As shown in Fig. 2 (b), auxiliary guide rope device 3 includes:An one directive wheel 3-1 and support base 3-2, wherein:It is oriented to
Wheel 3-1 is freely rotated in axis direction, and support base 3-2 is fixed in the second middle baffle plate 5.
As shown in figure 3, under this view, the groove center line on directive wheel 3-1 is conllinear with cotton rope 9, and with reel 2-1
Enclose it is tangent, therefore the groove center line of directive wheel 3-1 and reel inner ring circle it is tangent.
As shown in figure 4, the front end expanding mechanism 1 includes:Front end pedestal 1-2, be respectively arranged on the pedestal 1-2 of front end
The the first front apron 1-1 and the second front apron 1-4 of downside, be rotatablely connected with the first front apron 1-1 and the second front apron 1-4 respectively
Expansion arm 1-3, the driving gear set 1-5, the 3rd front apron 1-6 and the power set 1- that are arranged at below the second front apron 1-4
7, wherein:Driving gear set 1-5 is meshed with power set 1-7 and expansion arm 1-3 respectively, and axial movement is converted to radially
Moment of torsion.
As shown in figure 5, when bobbin winder device 2 rotates clockwise, the direction of arrow pulls in such as figure of cotton rope 9, due to axial traction
Sleeve 6 is fixedly connected with the power set 1-7 of front end expanding mechanism 1, before the axial traction sleeve 6 fixed with cotton rope 9 then drives
End expanding mechanism 1 moves (being cotton rope 9 and 6 fixed part of axial traction sleeve at dotted line frame a in Fig. 4) along guide rod upwards, this
When mechanism axial elongation;Conversely, when bobbin winder device 2 rotates counterclockwise, then mechanism axial shrinkage.

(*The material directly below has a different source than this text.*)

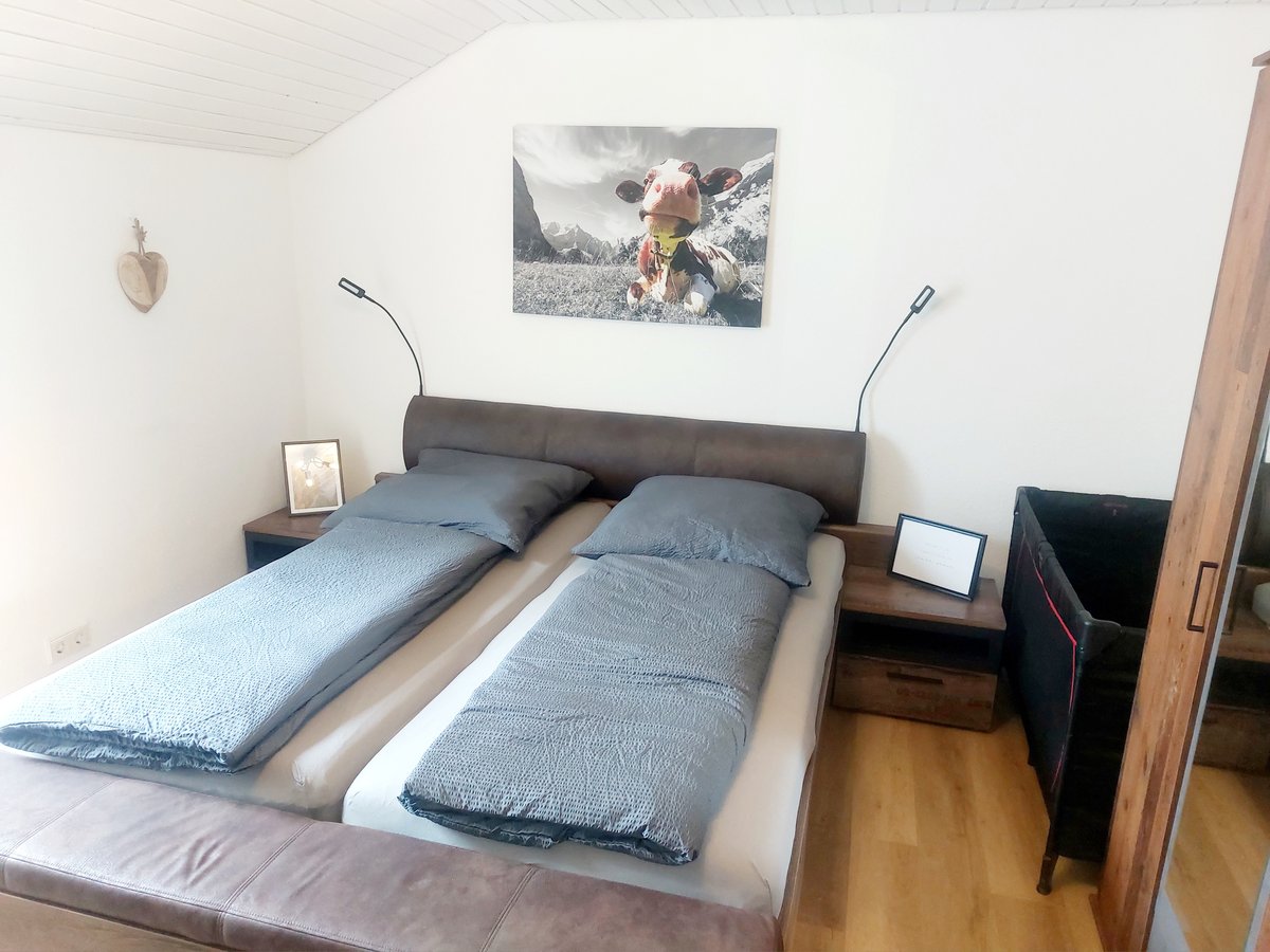 Hier befinden sich ein großes Doppelbett und ein weiteres Etagenbett. Ein Schrank mit Spiegel und Nachtischen stehen für euch bereit. Das Zimmer ist ebenfalls im OG und gleich neben dem Bad. Für die Allerkleinsten steht ein Babybett bereit.

Above-mentioned specific implementation can by those skilled in the art on the premise of without departing substantially from the principle of the invention and objective with difference
Mode carry out local directed complete set to it, protection scope of the present invention is subject to claims and not by above-mentioned specific implementation institute
Limit, each implementation in the range of it is by the constraint of the present invention.
Claims (5)
- A kind of 1. axial drive means of the noninvasive diagnosis and treatment microrobot of enterogastric diseases, it is characterised in that including:Micromachine On people's stent, the axial traction sleeve being slideably positioned on microrobot stent, fixed setting and microrobot stent Cotton rope driving device, wherein:Cotton rope driving device is connected with axial traction sleeve and back and forth affects axial direction by cotton rope therein Traction sleeve slides axially on microrobot stent;The microrobot stent includes:Pedestal and the guide rod and baffle being fixedly installed on pedestal, wherein:Axially lead Draw sleeve to be slideably positioned on guide rod, the both ends of cotton rope driving device are fixedly installed on respectively on baffle and pedestal and middle part and axis It is connected to traction sleeve;The axial traction sleeve is equipped with front end expanding mechanism, which includes:Front end pedestal, set respectively In the first front apron of front end pedestal upper and lower sides and the second front apron, it is rotatablely connected respectively with the first front apron and the second front apron Expansion arm, the driving gear set, the 3rd front apron and the front end power set that are arranged at below the second front apron, wherein:Front end Power set are fixedly connected with axial traction sleeve, and driving gear set is meshed with power set and expansion arm respectively, by axis Radial direction moment of torsion is converted to movement.
- 2. axial drive means according to claim 1, it is characterized in that, the cotton rope driving device includes:Around traditional thread binding The guider put and be connected therewith by cotton rope, wherein:Bobbin winder device is fixedly installed on baffle or pedestal, and guider is solid Surely be arranged at corresponding opposite side, cotton rope both ends be arranged at bobbin winder device, middle part through guider and with axial traction sleeve It is connected, rotates pulling cotton rope by bobbin winder device and the displacement of axial traction sleeve is realized in traction.
- 3. axial drive means according to claim 1, it is characterized in that, the guider includes:Directive wheel and branch Axis is supportted, wherein support shaft is fixed on pedestal.
- 4. axial drive means according to claim 1, it is characterized in that, the bobbin winder device is driven by motor, excellent The motor with planetary reducer was gated to drive.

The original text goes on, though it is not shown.